The function handles both ELF32 (class 1, elfw+4 == 1) and ELF64 (class 2, elfw+4 == 2). The ELF class determines structure sizes: ELF32 uses 52-byte headers, 40-byte section headers, and 32-byte program headers; ELF64 uses 64-byte headers, 64-byte section headers, and 56-byte program headers.

Phase 1: ELF Header

Write elfw (52 or 64 bytes)       // the ELF header (e_ident through e_shstrndx)
Write 1 byte of zero padding      // null terminator for alignment

The header size is determined by the class: 52 bytes for ELF32 (v5 = 52, v4 = 53), 64 bytes for ELF64 (v5 = 64, v4 = 65). The extra byte of padding (v133[0] = 0) is always written immediately after.

Phase 2: Section Header String Table (.shstrtab)
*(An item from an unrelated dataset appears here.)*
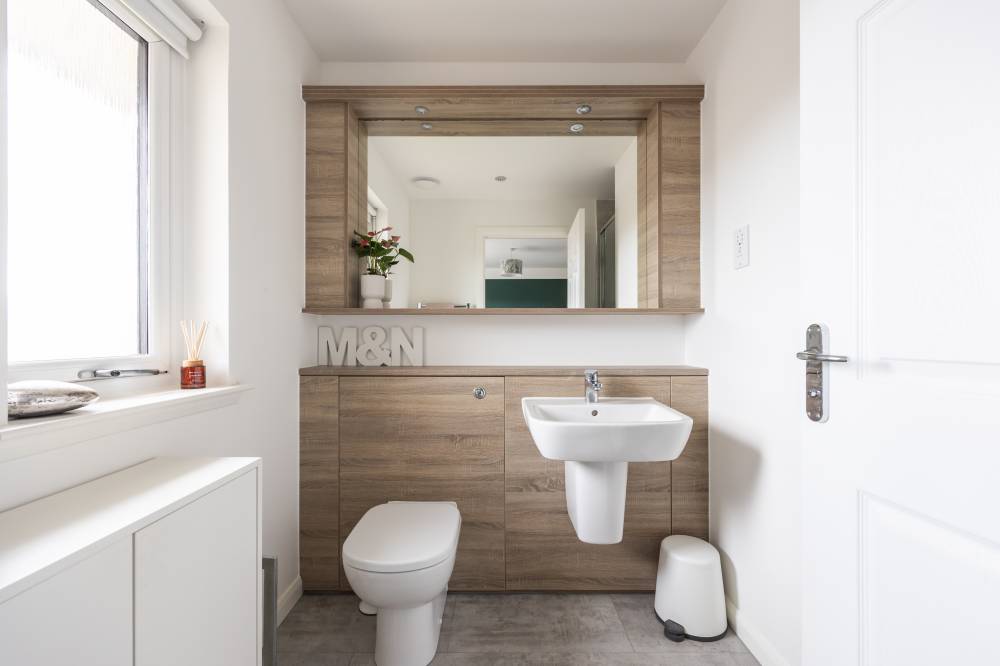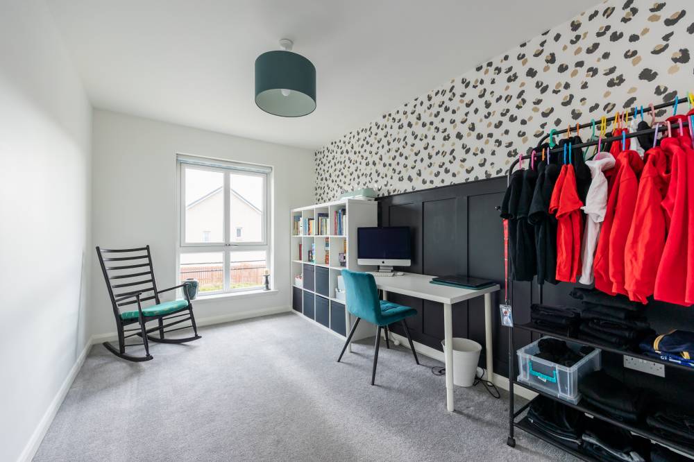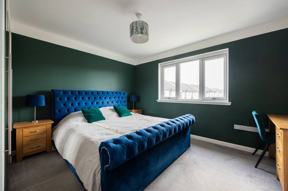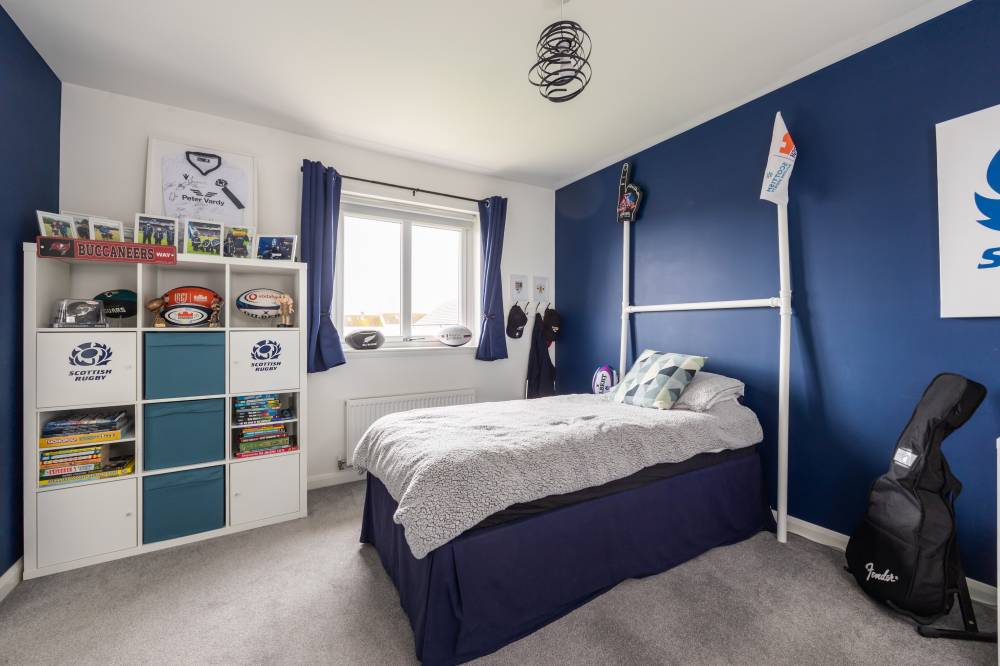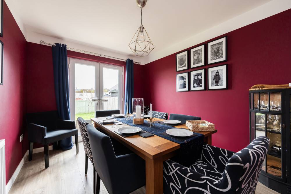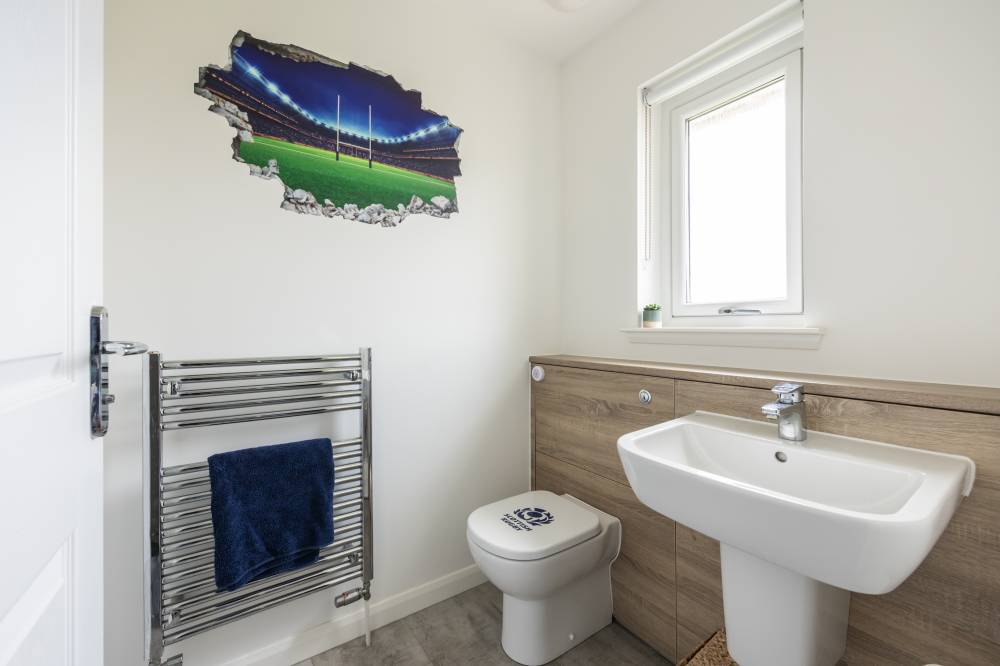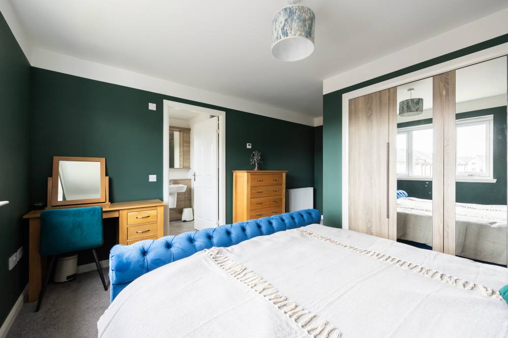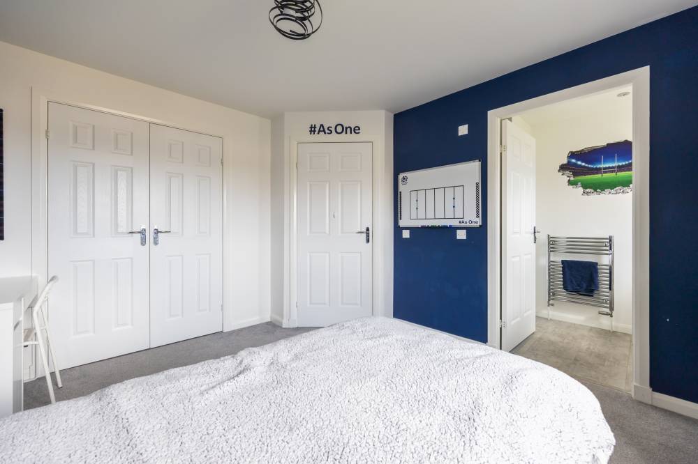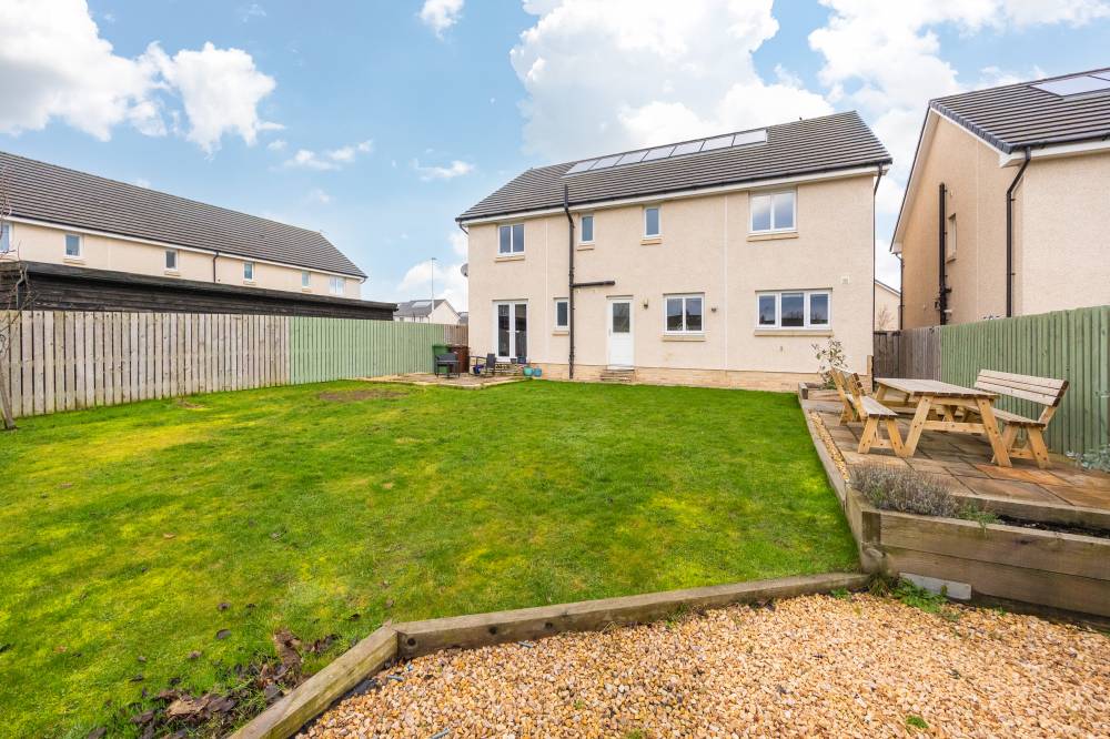 Constructed in 2019 by the highly regarded Scottish builder The Walker Group, this outstanding family home offers generous, flexible accommodation ideally suited to modern living, including working from home. Presented in true move-in condition, it combines all the advantages of a new-build property - peace of mind, fully resolved snagging, and the remainder of an NHBC warranty. The front door opens into a welcoming hallway with useful understair storage and direct access to the integral garage. To the front lies a spacious reception room, complemented by a second reception room currently used as a formal dining room, with French doors opening onto the rear garden. The impressive open-plan kitchen and family room forms the heart of the home, fitted with a contemporary range of wall and base units and integrated appliances including a five-burner gas hob, double oven and dishwasher, with an American-style fridge freezer included. A separate utility room, complete with washing machine, tumble dryer and garden access, sits off the kitchen, and a guest cloakroom/WC completes the ground floor. Upstairs, the generous landing provides excellent built-in storage and access to the loft. The principal bedroom enjoys a walk-in wardrobe/dressing room and a stylish en-suite shower room. Bedroom two, also a double, benefits from its own en-suite and built-in wardrobe. Three further double bedrooms, all with fitted wardrobes, are served by a spacious four-piece family bathroom featuring a separate walk-in shower. Additional benefits include gas central heating, full double glazing and solar panels, ensuring comfort and energy efficiency throughout the year.

Write 1 byte null (index 0)       // SHN_UNDEF name
for i = 1..shstrtab_count:
    Write shstrtab[i] string + NUL terminator
    running_offset += strlen + 1

The section-header string table entries are stored in the ordered list at elfw+336 (accessed via elfw+312 for the count). Each entry is a null-terminated section name string. The loop writes each string including its terminator, tracking the running byte count in v4.

Phase 3: Symbol String Table (.strtab)

Write 1 byte null (index 0)       // empty string at strtab[0]
for j = 1..strtab_count:
    Write strtab[j] string + NUL terminator
    running_offset += strlen + 1

Identical structure to .shstrtab, sourced from elfw+328 (count at elfw+304).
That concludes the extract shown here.